Problem to work on ▸ The listing below should be printed exactly, every line of it. Skip the pictures.

**** Exercise data

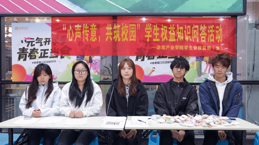 为进一步提升学生权益保护意识,搭建学生与学校的高效沟通桥梁,切实解决学生在校期间的权益诉求,12月9日,游戏产业学院学生会权益部于风雨长廊成功举办“心声传意,共筑校园”学生权益知识问答活动。活动以“答题学权益、反馈促优化”为核心,吸引了大批学生踊跃参与,现场氛围热烈有序,切实将权益保障与校园共建理念传递到每一位学生心中。
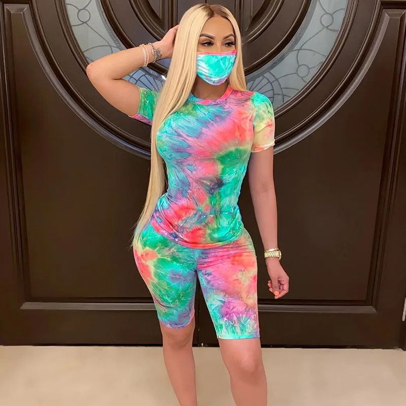 Женский комплект спортивной одежды с принтом тай-дай, Женский пулов...
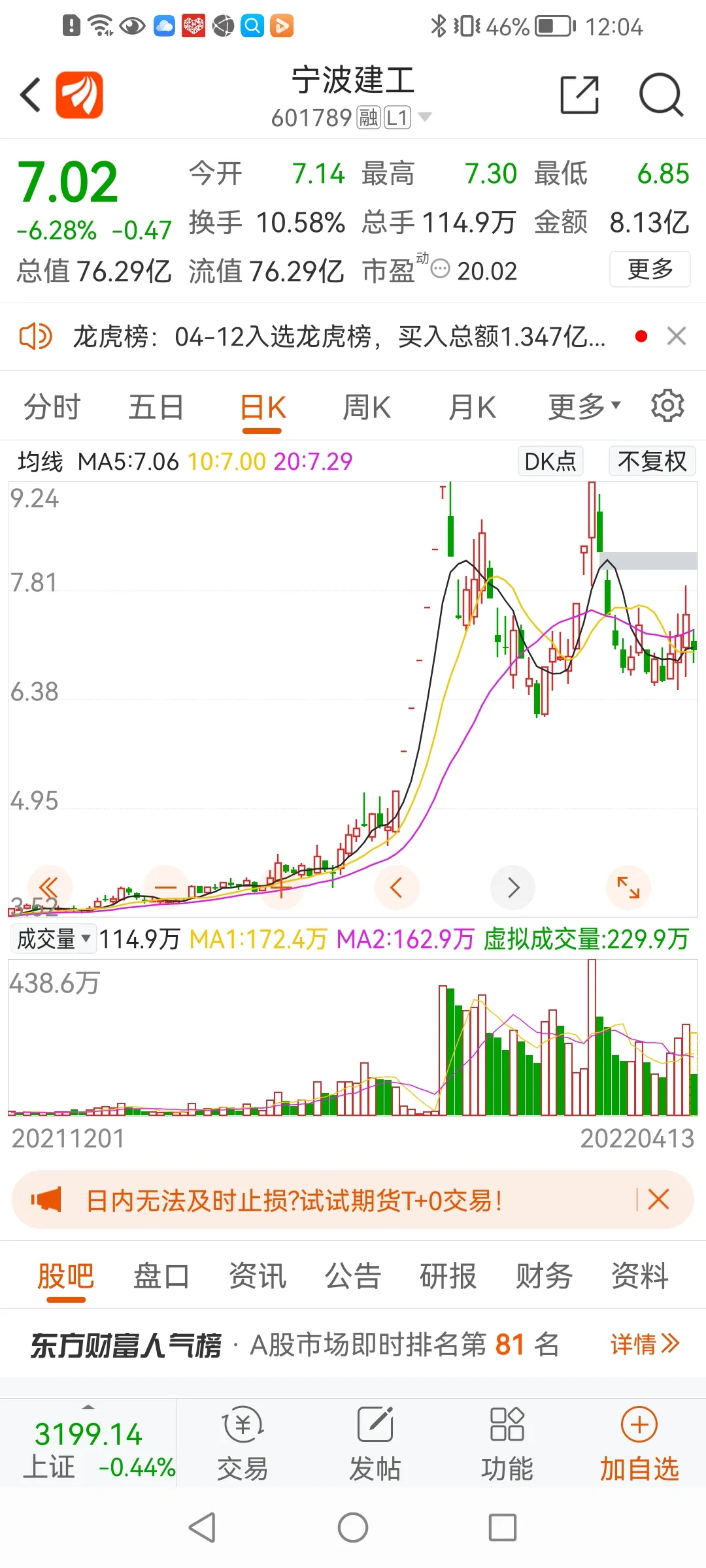 14.昨天基建板块调整,我却还追高买入了宁波建工,今天见它跌了又5个点又加仓了;以及买入嘉凯城。
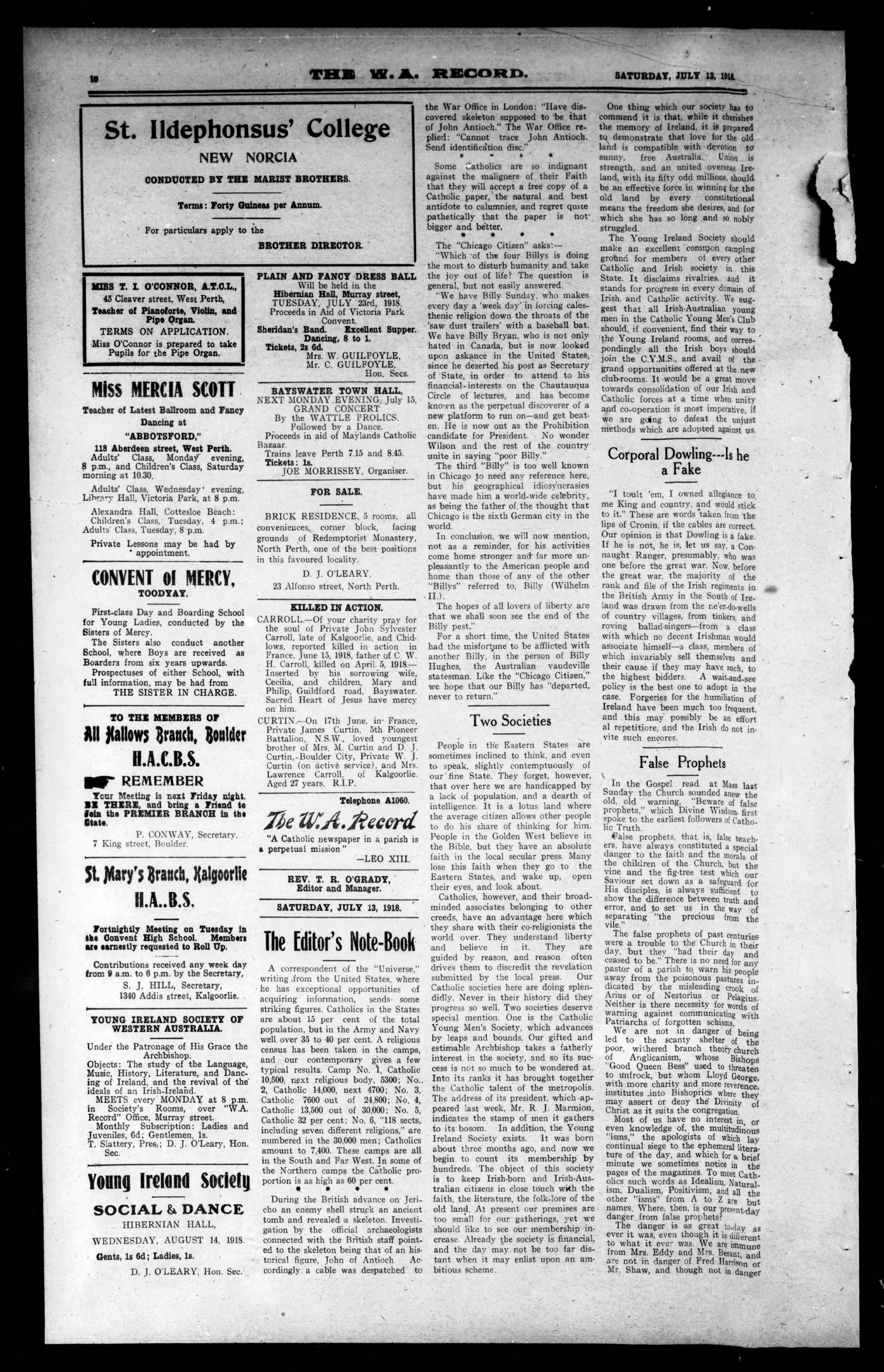 BishopinoneofourgreatChristian churchorganisations,shouldnotonly besuppressedandpreventedfromfurtherdisseminationoftheobnoxious seedofdiscordanddivision,butshould bepunishedtothefulllimitofthe law. Youhadeveryrighttobelieveand expectinyourvastaudienceofinvit gueststherewerethoseoftheCatholc faith.Thisshouldhavebeenmorethan reasonablyexpected,forthereason thatpersonalinvitationshadbeenextendedtothoseofthatfaithwhowere knowntohaveloyalandpatrioticsons marchingandfightingshoulderto shoulderwiththoseoftheProtestant faith,therebyofferingtosacrificetheir livesforDemocracy,Liberty,theFlag aridtheirCountry'sFreedom. Whetheryouintendedtooffend thoseofyourinvitedguests,ofthe Catholicfaithitisnotformetosay. Yetyoumusthaveobservedone thing,andthatwas,thatyoudid offendthem,andthatanumberof themdidleavethechurchhouseand refusedtherebytofurtherstandfor whattheycharacterisedasyourextremelyandhighlyinsultingremarks. Ourclergymen,ourcitizensandour press,membersofyourownChurch andfaith,andthoseofyourvisiting ministers,areopenlydenouncingand conremningyourunwisepolicyin selectingtheoccasionofaserviceflag ceremonytoengenderbybitterand uncalled-forremarks,religiousstrife, andtherebydiscordanddivision amongourcitizensandinourarmy.

********

Your response ▸
 为进一步提升学生权益保护意识,搭建学生与学校的高效沟通桥梁,切实解决学生在校期间的权益诉求,12月9日,游戏产业学院学生会权益部于风雨长廊成功举办“心声传意,共筑校园”学生权益知识问答活动。活动以“答题学权益、反馈促优化”为核心,吸引了大批学生踊跃参与,现场氛围热烈有序,切实将权益保障与校园共建理念传递到每一位学生心中。
 Женский комплект спортивной одежды с принтом тай-дай, Женский пулов...
 14.昨天基建板块调整,我却还追高买入了宁波建工,今天见它跌了又5个点又加仓了;以及买入嘉凯城。
 BishopinoneofourgreatChristian churchorganisations,shouldnotonly besuppressedandpreventedfromfurtherdisseminationoftheobnoxious seedofdiscordanddivision,butshould bepunishedtothefulllimitofthe law. Youhadeveryrighttobelieveand expectinyourvastaudienceofinvit gueststherewerethoseoftheCatholc faith.Thisshouldhavebeenmorethan reasonablyexpected,forthereason thatpersonalinvitationshadbeenextendedtothoseofthatfaithwhowere knowntohaveloyalandpatrioticsons marchingandfightingshoulderto shoulderwiththoseoftheProtestant faith,therebyofferingtosacrificetheir livesforDemocracy,Liberty,theFlag aridtheirCountry'sFreedom. Whetheryouintendedtooffend thoseofyourinvitedguests,ofthe Catholicfaithitisnotformetosay. Yetyoumusthaveobservedone thing,andthatwas,thatyoudid offendthem,andthatanumberof themdidleavethechurchhouseand refusedtherebytofurtherstandfor whattheycharacterisedasyourextremelyandhighlyinsultingremarks. Ourclergymen,ourcitizensandour press,membersofyourownChurch andfaith,andthoseofyourvisiting ministers,areopenlydenouncingand conremningyourunwisepolicyin selectingtheoccasionofaserviceflag ceremonytoengenderbybitterand uncalled-forremarks,religiousstrife, andtherebydiscordanddivision amongourcitizensandinourarmy.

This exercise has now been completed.